Несмотря на решительность Г. М., я знал, что он обеспокоен. Приближался поворотный пункт дела. Находясь на свидетельском месте (иногда более часа, а иногда и целый день), обвиняемый должен постоянно следить за собой. Невиновный не запинается при перекрестном допросе.
Манеры Г. М. были обманчиво беспечными.
– Ваше имя, сынок?
– Джеймс Кэплон Ансуэлл.
Хотя обвиняемый говорил очень тихо, но умудрился закашляться, после чего бросил виноватый взгляд на судью.
– Вы нигде не работаете и живете в доме 23 на Дьюк-стрит?
– Да. Вернее, жил там.
– В конце декабря вы обручились с мисс Мэри Хьюм?
– Да.
– Где вы были тогда?
– В доме мистера и миссис Стоунмен в Фроненде в Суссексе.
Г. М. вел формальную часть прямого допроса очень мягко, но обвиняемый не расслаблялся.
– В пятницу 3 января вы решили на следующий день отправиться в Лондон?
– Да.
– Почему?
Невнятное бормотание.
– Говорите громче, – резко сказал судья. – Мы не слышим ни слова.
Ансуэлл огляделся вокруг и с усилием заговорил членораздельно, хотя, казалось, с середины фразы.
– …и я хотел купить обручальное кольцо, которое еще не приобрел.
– Вы хотели купить обручальное кольцо, – повторил Г. М. ободряющим тоном. – Когда именно вы решили ехать? Я имею в виду в какое время пятницы?
– Поздно вечером.
– Угу. Что побудило вас к этому?
– Мой кузен Редж тем вечером собирался в город и предложил купить для меня кольцо. – Долгая пауза. – Тогда я впервые об этом подумал. – Еще одна пауза. – Полагаю, мне следовало подумать об этом раньше.
– Вы сообщили мисс Хьюм о своем намерении?
– Естественно, – ответил Ансуэлл. На его лице внезапно мелькнула странная улыбка.
– Вы знали, что в пятницу вечером у нее состоялся телефонный разговор с отцом?
– Тогда нет. Я узнал об этом позже.
– До или после этого разговора вы решили ехать в Лондон?
– После.
– Что произошло потом?
– Произошло? О, понимаю, – как бы с облегчением добавил Ансуэлл. – Мэри сказала, что напишет отцу письмо, и тут же это сделала.
– Вы читали это письмо?
– Да.
– В нем упоминалось, каким поездом вы поедете?
– Да, девятичасовым поездом со станции Фроненд.
– Оттуда до Лондона примерно час сорок пять минут езды, не так ли?
– Да, скорым поездом. Это ближе, чем от Чичестера.
– В записке указывалось время отъезда и прибытия?
– Да, в 10.45 на вокзал Виктория. Мэри сама всегда пользуется этим поездом.
– Значит, ее отец хорошо его знал?
– Должен был знать.
Запавшие глаза Ансуэлла были неподвижны. Обычно он начинал фразу четко, но затем она словно повисала в воздухе.

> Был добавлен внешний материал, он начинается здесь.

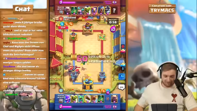 00:13:54Der Stream startet schließlich die angekündigte Clash Royale Trio Challenge mit Chef Strobel und Bigspin. Modus ist der Chaos-Challenge, bei dem zwei Augments pro Game und ein Deck mit einer austauschbaren Karte gewählt werden. Ein Subgift-Pot wird mit je zehn Einträgen gestartet. Der Streamer kommentiert das Spielgeschehen intensiv und kritisiert die oft sehr schlechten Augments, die Chef Strobel erhält, sowie dessen taktische Fehler.
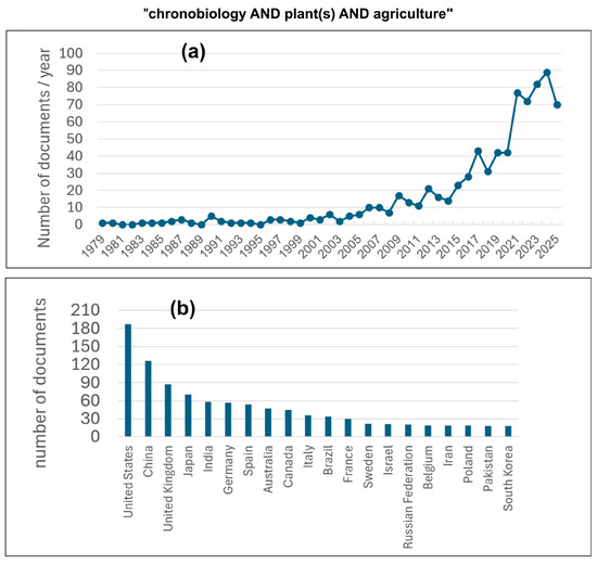 The above data were also analyzed using statistics provided by the Scopus database (“Analyze results”). Figure 2 presents the number of documents published each year between 1979 and 2025 and the number of documents published by individual countries during this period (Top 20). A noticeable increase in publications began around the year 2000 (from fewer than 10 per year to approximately 20 per year after 2011). This number doubled around 2017 (to about 40 per year) and doubled again from approximately 2021 onwards (to nearly 80 per year) (Figure 2a). The largest number of publications originated from the United States (approx. 180) and China (approx. 120) (Figure 2b). The United Kingdom, Japan, India, Germany, Spain, Australia, and Canada followed, each contributing approximately 60–90 publications. In other countries, the number of publications was generally below 30. These results indicate that the main research centers focusing on chronobiology and plant cultivation are widely distributed across the world.

– Что вы сделали, прибыв в Лондон?
– Купил кольцо. И еще кое-какие дела…
– А потом?
– Поехал в свою квартиру.
– В котором часу вы туда прибыли?
– Около двадцати пяти минут второго.
– Именно тогда покойный позвонил вам?
– Да, около половины второго.
Склонившись вперед, Г. М. расправил плечи и оперся ладонями о стол. Руки обвиняемого начали дрожать. Он снова посматривал в зеркало наверху, словно следя за собой в ожидании приближающейся кульминации.
– Вы слышали, что покойный тем утром неоднократно звонил вам, не получив ответа?
– Да.
– Что он начал звонить в девять утра?
– Да.
– Вы слышали, как Дайер говорил это?
– Да.
– Угу. Но ведь он должен был знать, что вас еще нет дома, не так ли? В девять вы только выехали из Фроненда, и поездка должна была продолжаться час сорок пять минут. Этим поездом постоянно пользовалась его дочь, и он должен был знать, что не сможет связаться с вами раньше чем через два часа.
– Да, по-видимому…
– Что делает Г. М.? – шепнула мне Эвелин. – Рвет на кусочки собственного свидетеля?
– Вернемся к телефонному разговору. Что сказал покойный?
Отчет Ансуэлла совпадал с другими показаниями.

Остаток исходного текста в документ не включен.